All you need to re-install the cranks is a 14mm ratchet socket and ratchet wrench. The cranks will go in a bit more once they are tightened down. You'll have to do that in order to estimate your chainline properly. If it isn't aligned, you might have to go with a smaller axle( I'm talking width here).
Gerry :)
the lockring is really tight and my tool is slipping when trying to take it off...any suggestions?
Thanks
It ain't pretty, but try wacking it with a hammer and a flat screwdriver.
Gerry
got it thanks :D...i wish i could post a picture...when i pulled out the axle..the bearing cartridge on the drive side looked like it was exploded and the bearings were rolling around free in the bb housing...that explains the problems i was having..haha
Chances are that the bearing race on the axle is shot. You'll probably have to replace it if you want your new bearings to survive.
Gerry
Hi Gerry,
I ride a 26 inch diamond back mountain bike. While riding it work the other day the removable rear axel pin that slides throught the rear wheel and gear set cracked in half. I purchased a replacement pin and when I tried to install it the back wheel would rotate for a moment and tighten up until neither the pedals or for that matter, even my hands could make it budge. Further more after a few of these rotations the pin was almost so tightly screwed on the frame that I could barely remove it. It is one of those "open, close" metal tab locking axel pins. Any suggestions on what could be wrong?
Sounds like the axle is broken inside the hub.
Gerry
Hi,
recently I have been experiencing a kind of "slipping" action while pedalling, so I took apart the bottom bracket and found that one bearing cage is damaged. After some searching online I've found that some people simply replace caged ball bearings in favour of using loose ones and now I'm wondering, would it be possible for me to take these nine ball bearings, throw away the cage and just use them loose? Or would this result in some kind of damage to my bike?
Thanks,
Scott
You would need to add a bearing ball or two if you remove the cage. The cage is simply there to hold the bearing balls in place.
Gerry :)
I've got an old Pegasus 10 speed. The crank on one side has some play, front and back. I tried the simple fix of tightening it up, but it didn't help. Any suggestions.
The seat of the crank that goes into the axle is now rounded out and there is no amount of torque that will keep it there. You will have to replace that crank arm. When you do, tighten it up again after 2 weeks.
Gerry :)
Thanks this helped more than any other site.The pics and step by step i could understand.
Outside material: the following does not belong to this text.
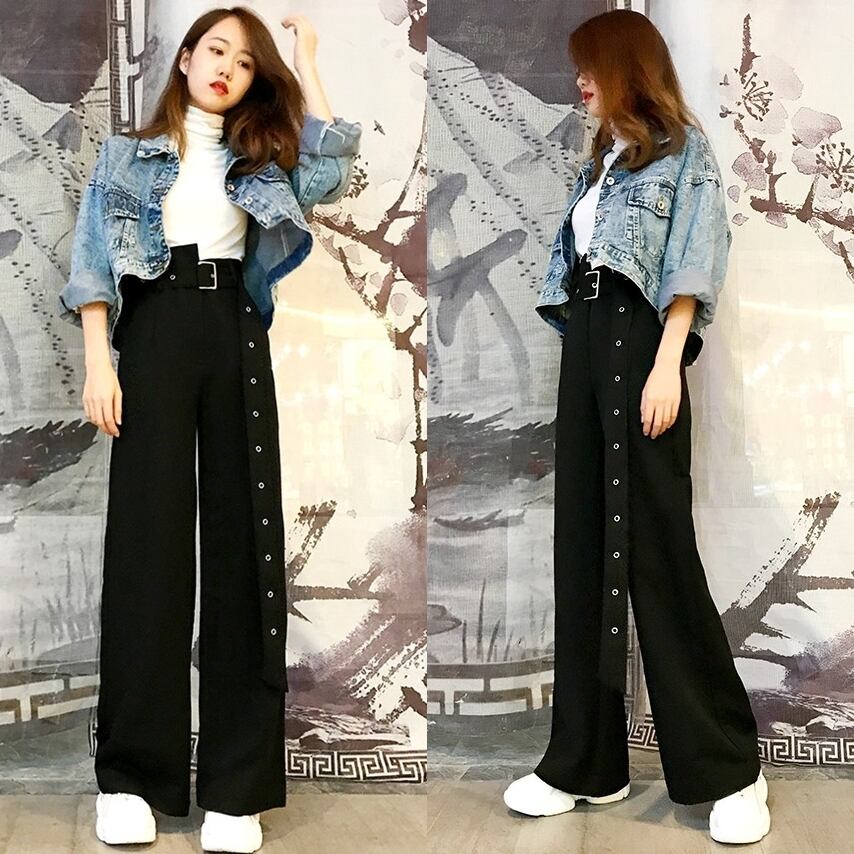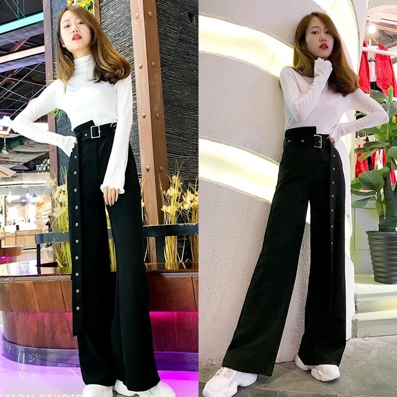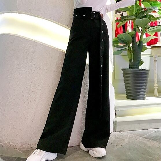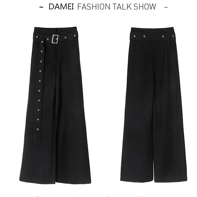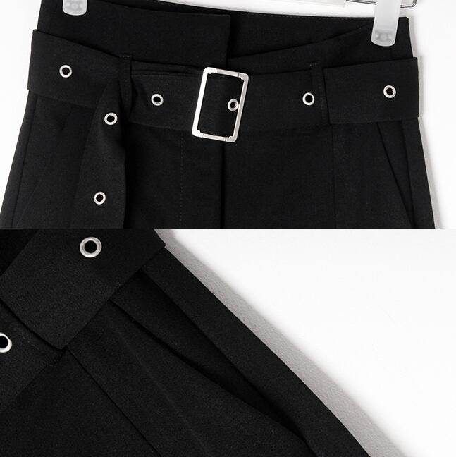 ブラック ボトム ベルト付き ハイウエスト アシンメトリー ポケット有り ワイド ゆったり BLACK かっこいい 秋冬 おしゃれ レディース アパレル

People like you help keep the world on track. Thanks for taking your time and sharing your knowledge. You've certainly helped me out!
And thank you for making my day.
Gerry :)
There is a special lockring tool that will prevent damaging the lockring with pliers.
Also, A sealed bearing bottom bracket can easily be rebuilt, bearings cleaned and repacked or replaced. There are 6 parts to a sealed bottom bracket. The left removable threaded cap. The right flanged threaded cap, 2 sealed bearings, a hollow tube body between the two bearings and the spindle. They are pressed together and can be seperated by tapping on the righthand end of the spindle with a hammer. First hold the right cap and tap the spindle out, then hold the body and tap the spindle out of the right bearing. Once apart the seals can be carefully pried out with a razor blade and the bearings cleaned and repacked, then replace the seals.
This is all good , but not when one gets to picture (9), this is were you must get the proper tool or make one. If you use the big pliers, it will only damage the threads!!!!Trust me, you will get it off, but you might not get it "back on".Dont chance it!!!
Yes you do have to be careful since those pliers are not made for that job. I have done hundreds of time this way and never had problem but I am careful and too cheap to buy the prorer tool.